The task:
Return the lines of the data below starting at the one holding "od wielu lat" and ending at the one holding "CN. LENTULUS CLODIANUS.", word for word, leaving every picture out.

Data supplied:
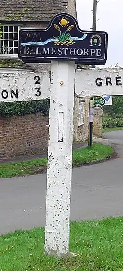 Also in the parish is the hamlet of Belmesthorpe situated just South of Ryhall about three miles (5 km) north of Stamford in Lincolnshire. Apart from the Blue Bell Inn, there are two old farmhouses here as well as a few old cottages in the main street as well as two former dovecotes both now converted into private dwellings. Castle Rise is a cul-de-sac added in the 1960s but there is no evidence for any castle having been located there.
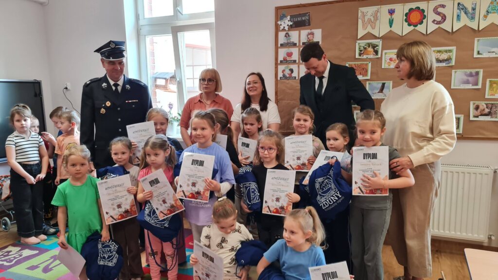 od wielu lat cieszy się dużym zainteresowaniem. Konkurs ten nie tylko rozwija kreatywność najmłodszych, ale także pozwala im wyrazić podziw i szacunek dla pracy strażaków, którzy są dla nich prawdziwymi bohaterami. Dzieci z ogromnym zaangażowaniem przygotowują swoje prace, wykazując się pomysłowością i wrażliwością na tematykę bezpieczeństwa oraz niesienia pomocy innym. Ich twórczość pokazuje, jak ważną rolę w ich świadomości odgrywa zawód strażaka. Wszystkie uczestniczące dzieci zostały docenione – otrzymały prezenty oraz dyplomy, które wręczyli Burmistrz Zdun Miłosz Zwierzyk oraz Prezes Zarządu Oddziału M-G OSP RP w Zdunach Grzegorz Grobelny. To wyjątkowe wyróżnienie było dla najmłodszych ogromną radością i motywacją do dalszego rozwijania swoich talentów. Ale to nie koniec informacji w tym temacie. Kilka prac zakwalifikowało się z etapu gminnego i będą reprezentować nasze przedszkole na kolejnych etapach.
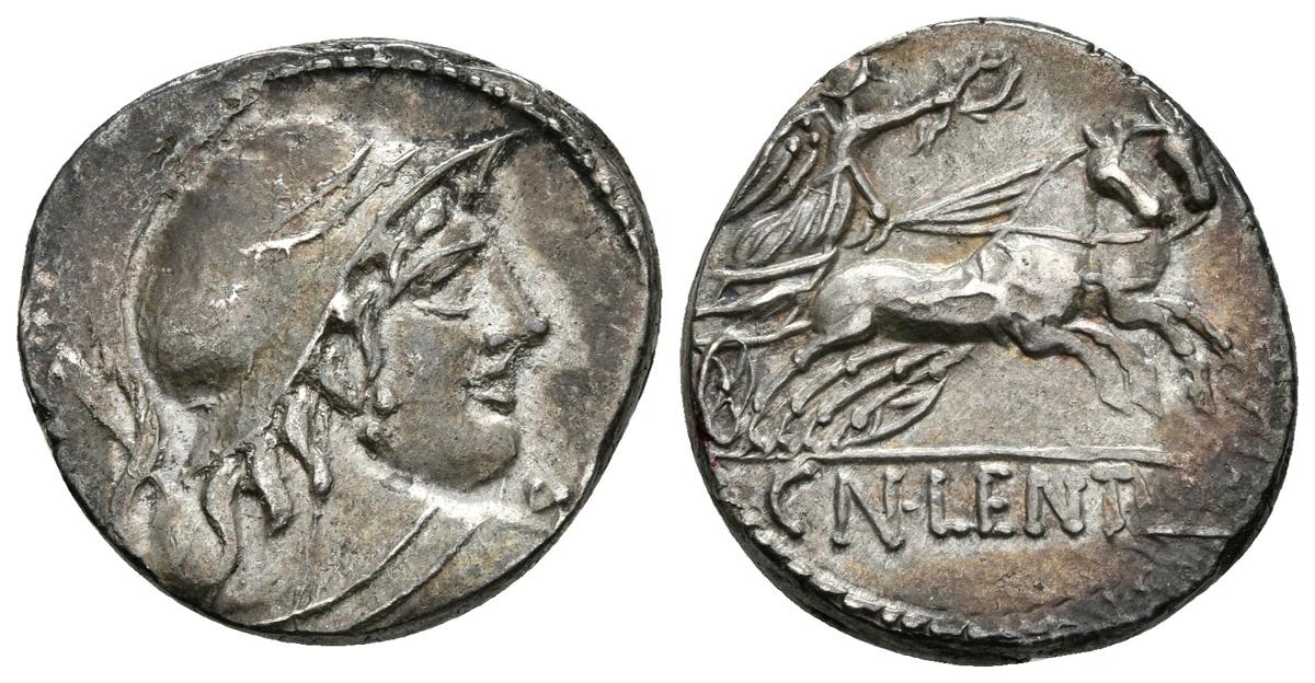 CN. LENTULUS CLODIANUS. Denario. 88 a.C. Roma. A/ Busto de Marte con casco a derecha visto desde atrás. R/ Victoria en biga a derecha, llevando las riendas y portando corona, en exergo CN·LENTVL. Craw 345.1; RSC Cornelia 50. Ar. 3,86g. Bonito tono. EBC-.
...
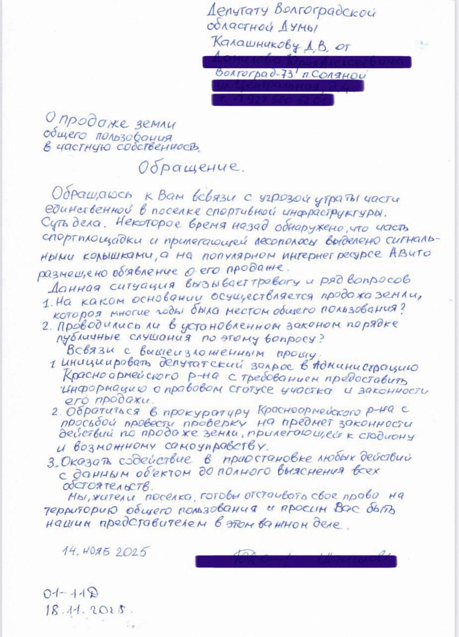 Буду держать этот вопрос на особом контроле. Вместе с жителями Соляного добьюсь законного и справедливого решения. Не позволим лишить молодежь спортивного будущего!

Exercise solution:
 od wielu lat cieszy się dużym zainteresowaniem. Konkurs ten nie tylko rozwija kreatywność najmłodszych, ale także pozwala im wyrazić podziw i szacunek dla pracy strażaków, którzy są dla nich prawdziwymi bohaterami. Dzieci z ogromnym zaangażowaniem przygotowują swoje prace, wykazując się pomysłowością i wrażliwością na tematykę bezpieczeństwa oraz niesienia pomocy innym. Ich twórczość pokazuje, jak ważną rolę w ich świadomości odgrywa zawód strażaka. Wszystkie uczestniczące dzieci zostały docenione – otrzymały prezenty oraz dyplomy, które wręczyli Burmistrz Zdun Miłosz Zwierzyk oraz Prezes Zarządu Oddziału M-G OSP RP w Zdunach Grzegorz Grobelny. To wyjątkowe wyróżnienie było dla najmłodszych ogromną radością i motywacją do dalszego rozwijania swoich talentów. Ale to nie koniec informacji w tym temacie. Kilka prac zakwalifikowało się z etapu gminnego i będą reprezentować nasze przedszkole na kolejnych etapach.
 CN. LENTULUS CLODIANUS. Denario. 88 a.C. Roma. A/ Busto de Marte con casco a derecha visto desde atrás. R/ Victoria en biga a derecha, llevando las riendas y portando corona, en exergo CN·LENTVL. Craw 345.1; RSC Cornelia 50. Ar. 3,86g. Bonito tono. EBC-.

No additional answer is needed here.